Like a lot of us, Kerridge's family do an online shop each week for routine essentials, and top it up with supermarket trips – but as food prices and the cost of living in general increases, he says meal planning for the week so “you're not just ordering things willy nilly” is essential for cost-saving, and batch cooking and freezing extra portions helps too. He says, for this book, “Trying to be a bit more pocket friendly was incredibly important”, as well as listing ingredients that weren't specialist or expensive.
Many of his new recipes are tagged as ‘low shop' – meaning you can use a lot of basics that you probably already have in your kitchen, like his ‘pantry spaghetti' or ‘fridge raid soup'. And who knew you could whip up a coffee and walnut cake from almost all store cupboard essentials?
“It's a case of using those things that are floating around, stuff you've used once or twice,” Kerridge explains. “If we say use curry powder but you've only got chilli powder, just use a bit of that – it's about trying to free up those rules… And just trying to use what's there.”
The cost-of-living crisis is “here now, and something we're going to have to deal with”, he says.

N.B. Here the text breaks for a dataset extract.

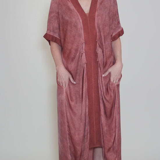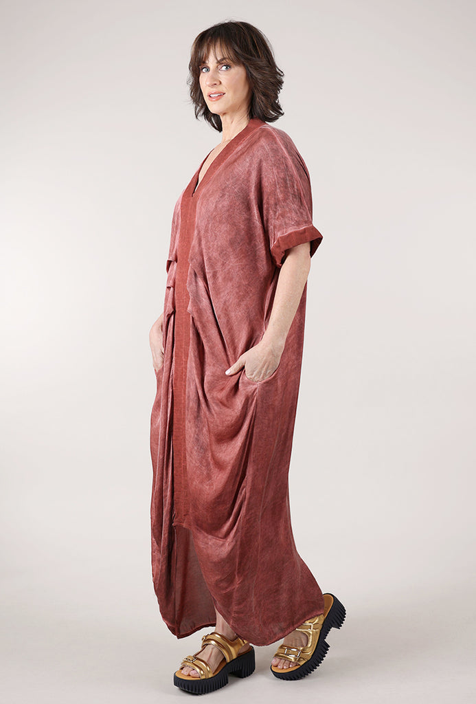 In a word, gorgeous! Crafted in a sensuous viscose-silk blend, this romantic dress has a V neckline, elbow-length sleeves and a very full, A-line silhouette. A contrast panel down the front sets up subtle ruching, along with a high-low hemline. Slit pockets sit on the hips. We find this is running on the large side.

And as someone who owns six restaurants, he describes food and energy price hikes and inflation rates going forward as “incredibly frightening”.
He recently shared in an interview with the Telegraph that energy prices for one of his pubs has gone from £60,000 to £420,000 a year.
“There is no price cap on the energy that comes into a butchers or an abattoirs or into a fishmonger or a big veg wholesaler, then that cost has to go into a restaurant, which also has no price cap,” he explains. “It's very nerve-wracking, seeing what's going to happen come October when the clocks go back and heating starts going on and fuel goes up again.”
And, of course, not only is the cost of going out invariably going to go up, but people will likely have less money to spend out. “Which in turn will mean a lot of issues for a lot of restaurants, bars, clubs and spaces that operate in hospitality,” he says. “It's almost the perfect storm – you can't get around it.”
Real Life Recipes by Tom Kerridge is published by Bloomsbury Absolute, priced £26. Photography by Cristian Barnett. Available now.
Below is a recipe for you try at home:
FRIDGE RAID SOUP
1tbsp olive oil
3 cooking chorizo sausages, sliced
1 large onion, diced
2 large carrots, diced
3 celery sticks, diced
2tbsp thyme leaves
1L chicken stock
400g tin chopped tomatoes
150g small pasta shapes or orzo
150g frozen peas
2 large handfuls of kale, roughly chopped
Salt and freshly ground black pepper
Extra virgin olive oil
Finely grated Parmesan
Heat the olive oil in a large saucepan. Add the chorizo slices, let them slowly render in the oil and cook for around five minutes or until they just begin to caramelise. Add the onion, carrots and celery and sauté for a further five minutes or until softened.
Add the thyme, chicken stock and tinned tomatoes and bring to the boil. Reduce the heat to a simmer and cook for five minutes before adding the pasta. Stir well and simmer for 12 minutes or until the pasta is almost cooked.
Toss in the frozen peas and kale, stir well and season with salt and pepper to taste. Simmer for a few minutes until the kale is tender.
Ladle the soup into warmed bowls. Add a drizzle of extra virgin olive oil and a sprinkling of Parmesan, then serve.